NOTE. Values are presented as means and standard deviation.
Subjects with AD also had significantly lower CSF concentrations of Aβ1–42 and higher concentrations of P-tau and T-tau compared with those of healthy controls and the other diagnostic groups; likewise, the Aβ1–42/P-tau and Aβ1–42/T-tau ratios were significantly lower in AD compared with the other groups. As expected, subjects with MCI had intermediate levels (i.e., between AD and controls) of all biomarkers (Table 3).
Table 3.
CSF biomarker | Cutoff | AD (n = 41) versus controls (n = 41) |
AD (n = 41) versus non-AD (n = 35) |
MCI-AD (n = 19) versus MCI-S (n = 49) |
|||
---|---|---|---|---|---|---|---|
Sensitivity, % | Specificity, % | Sensitivity, % | Specificity, % | Sensitivity, % | Specificity, % | ||
Aβ1–42 | <416.0 pg/mL | 83 | 70 | 83 | 54 | 79 | 42 |
Phosphorylated tau | >36.1 pg/mL | 83 | 49 | 80 | 68 | 84 | 46 |
Total tau | >76.7 pg/mL | 82 | 67 | 78 | 57 | 79 | 50 |
Aβ1–42/P-tau | <9.53 | 88 | 78 | 85 | 71 | 90 | 65 |
Aβ1–42/T-tau | <4.13 | 80 | 80 | 76 | 66 | 74 | 69 |
Pathologic signature 1 | — | 78 | 83 | 78 | 74 | 79 | 69 |
Pathologic signature 2 | — | 73 | 85 | 74 | 74 | 74 | 73 |
Abbreviations: Aβ1–42, amyloid-beta peptide; T-tau, total tau; P-tau, 181Thr-phosphorylated-tau; AD, Alzheimer's disease; Non-AD, cognitive impairment or dementia due to other etiologies; MCI, mild cognitive impairment; CSF, cerebrospinal fluid; MCI-AD, MCI subjects who progressed to AD; MCI-S, stable cases of MCI (i.e., subjects who retained the MCI diagnosis on follow-up); pathologic signature 1, Aβ1–42 <416.0 and Aβ1–42/P-tau <9.53; pathologic signature 2, Aβ1–42 <416.0 and Aβ1–42/T-tau <4.13.
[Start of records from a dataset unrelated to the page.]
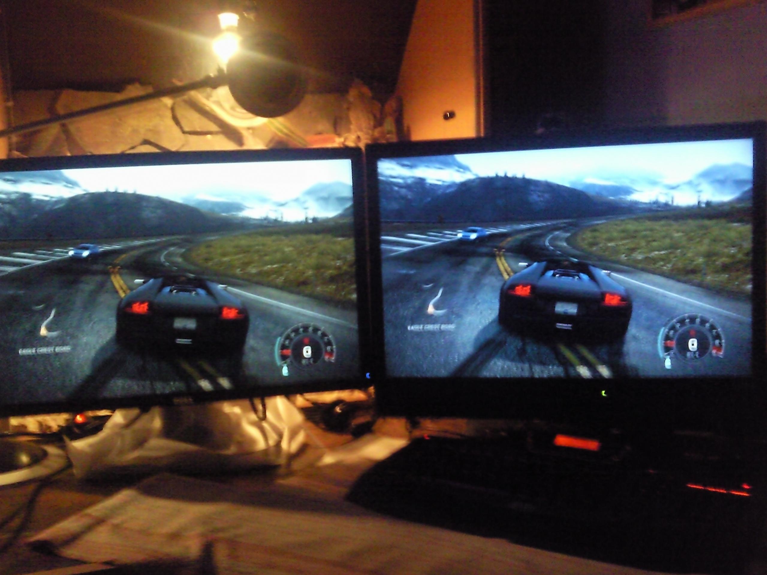 meine persönliche meinung nach hatt der rechte monitor schöneres bild ? der boden is übrigens nass :D
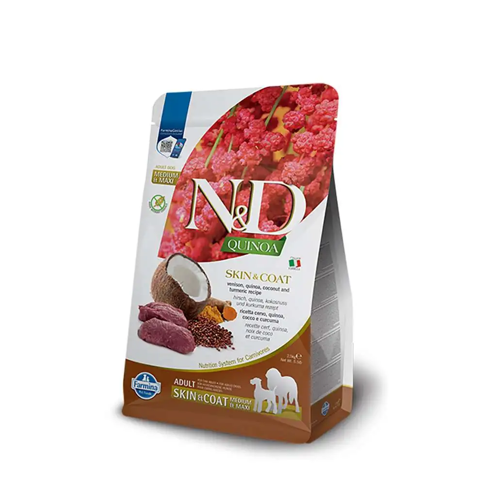 Farmina N&D quinoa cane skin&coat adult medium maxi cervo è un alimento dietetico completo per cani, consigliato per la riduzione di intolleranze a ingredienti e sostanze nutritive.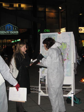 Westerse regeringen weigeren om de Israëlische bezetting een halt toe te roepen. Zij laten toe dat er een muur, Apartheidswegen en joodse nederzettingen worden gebouwd op Palestijnse grond, dat Palestina economisch wordt gewurgd. Het Palestijnse grondgebied geraakt versnipperd in bantoestans, met controleposten, militaire invasies, vernielingen van infrastructuur, enz. Daarom moeten we onze verantwoordelijkheid nemen als burger en onze macht tonen als consument. Op verschillende plaatsen in België wordt er actie gevoerd. Met het Gents Actieplatform Palestina (GAPP) sluiten we ons aan bij deze BDS-campagne. Het procédé is simpel. Laat Israëlische producten in de winkelrekken liggen, spreek de verantwoordelijken van Delhaize, Colruyt, Carrefour,... aan. Geen Israëlische producten in onze rekken zolang Israël het internationaal recht met de voeten treedt!
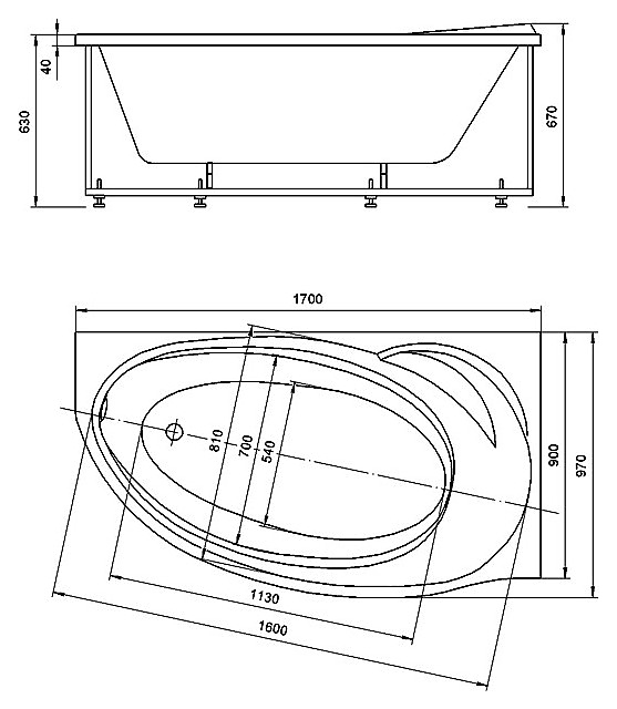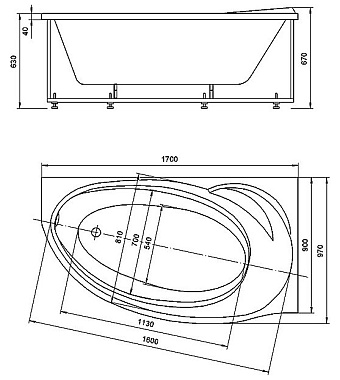 Ванна акриловая Azario PAOLINA AV.0071170 170х97см пристенная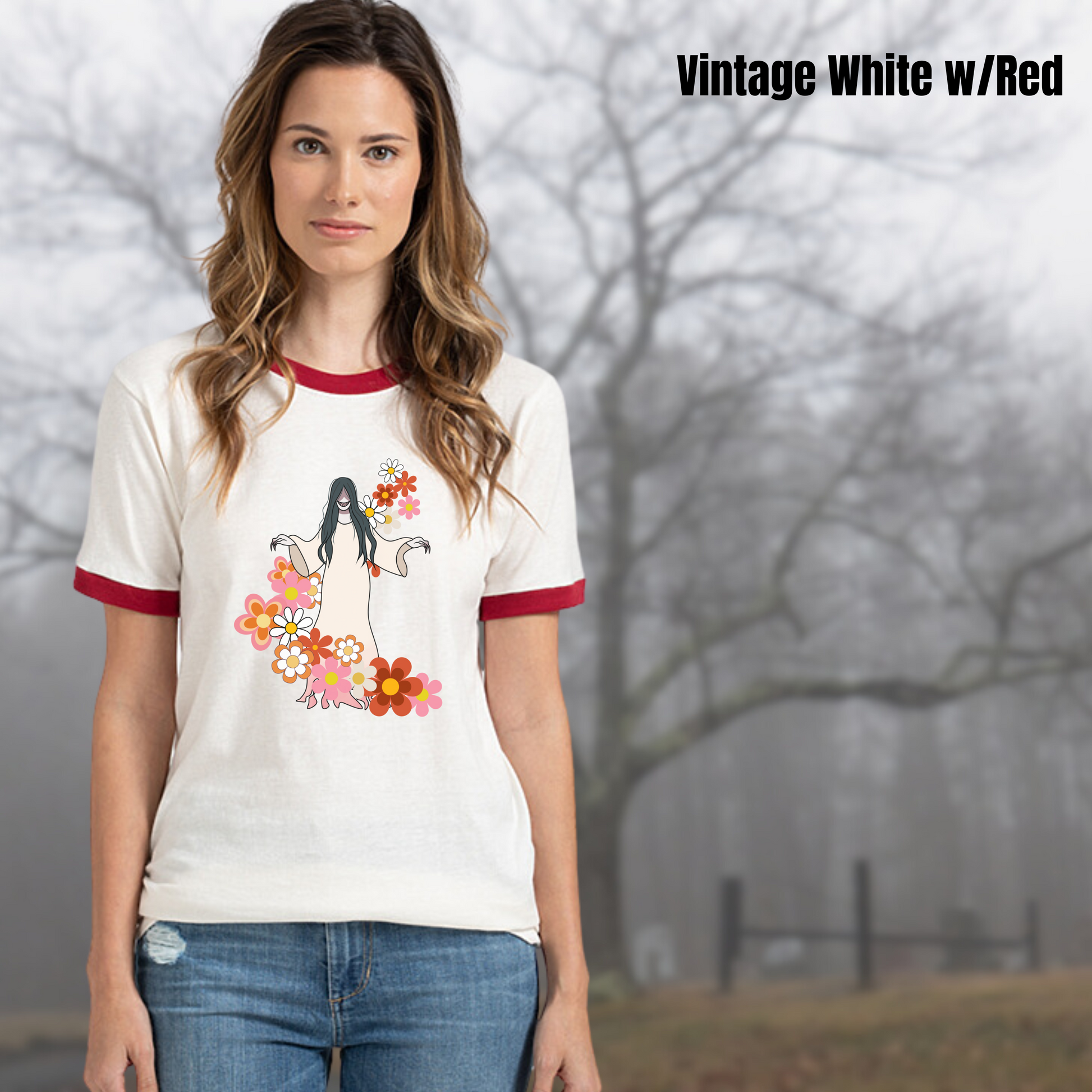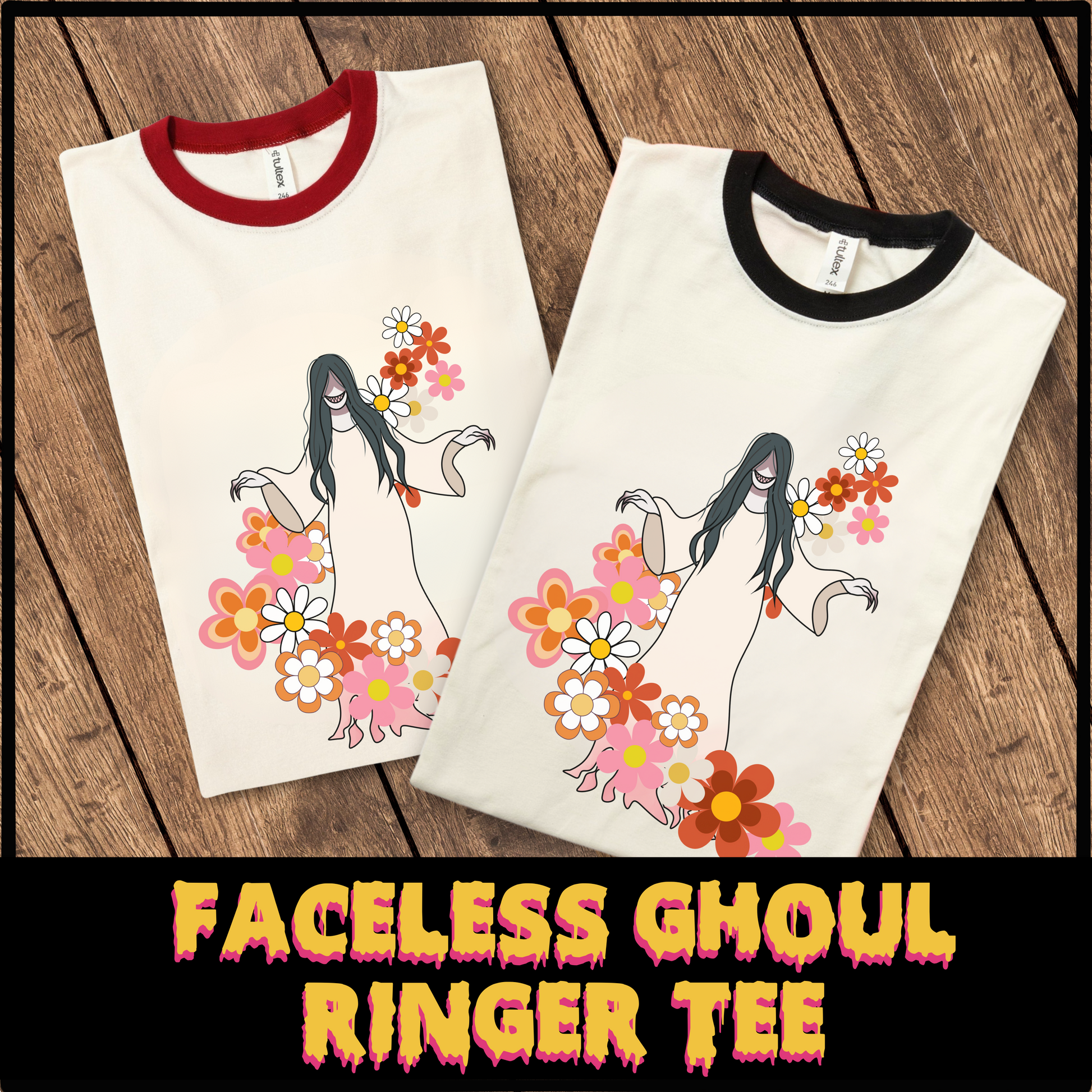 Faceless Ghoul Ringer Tee Retro ghost horror tee gift for her spooky ghoul fan ringer tee for him horror movie fan shirt

3.2. CSF biomarkers: cut-off scores and diagnostic accuracy
ROC curves were built to determine, for each CSF biomarker and combinations (ratios), the cutoff scores that best discriminated AD from controls based on SE and SP values (Table 3). CSF concentrations of Aβ1–42 <416.0 pg/mL (SE: 83%; SP: 70%) and Aβ1–42/P-tau ratio <9.53 (SE: 87.5%; SP: 78%) best differentiated AD from controls. We further determined whether the combination of biomarkers and their ratios might increase the diagnostic accuracy for the diagnosis of AD subjects compared with controls. Fig. 1 presents the distribution of subjects according to the values of T-tau (x-axis) and Aβ1–42/P-tau ratio (y-axis) in the whole sample (Fig. 1A), and in the subsample of patients with MCI (Fig. 1B), taking into account the longitudinal change in diagnostic status, i.e., conversion to dementia (MCI-AD) or stability of MCI diagnosis (MCI-S). It is noteworthy that MCI patients who converted to dementia on follow-up had a distribution similar to that observed among AD patients who were already demented at baseline, i.e., T-tau >76 pg/mL and Aβ1–42/P-tau ratio <9.5.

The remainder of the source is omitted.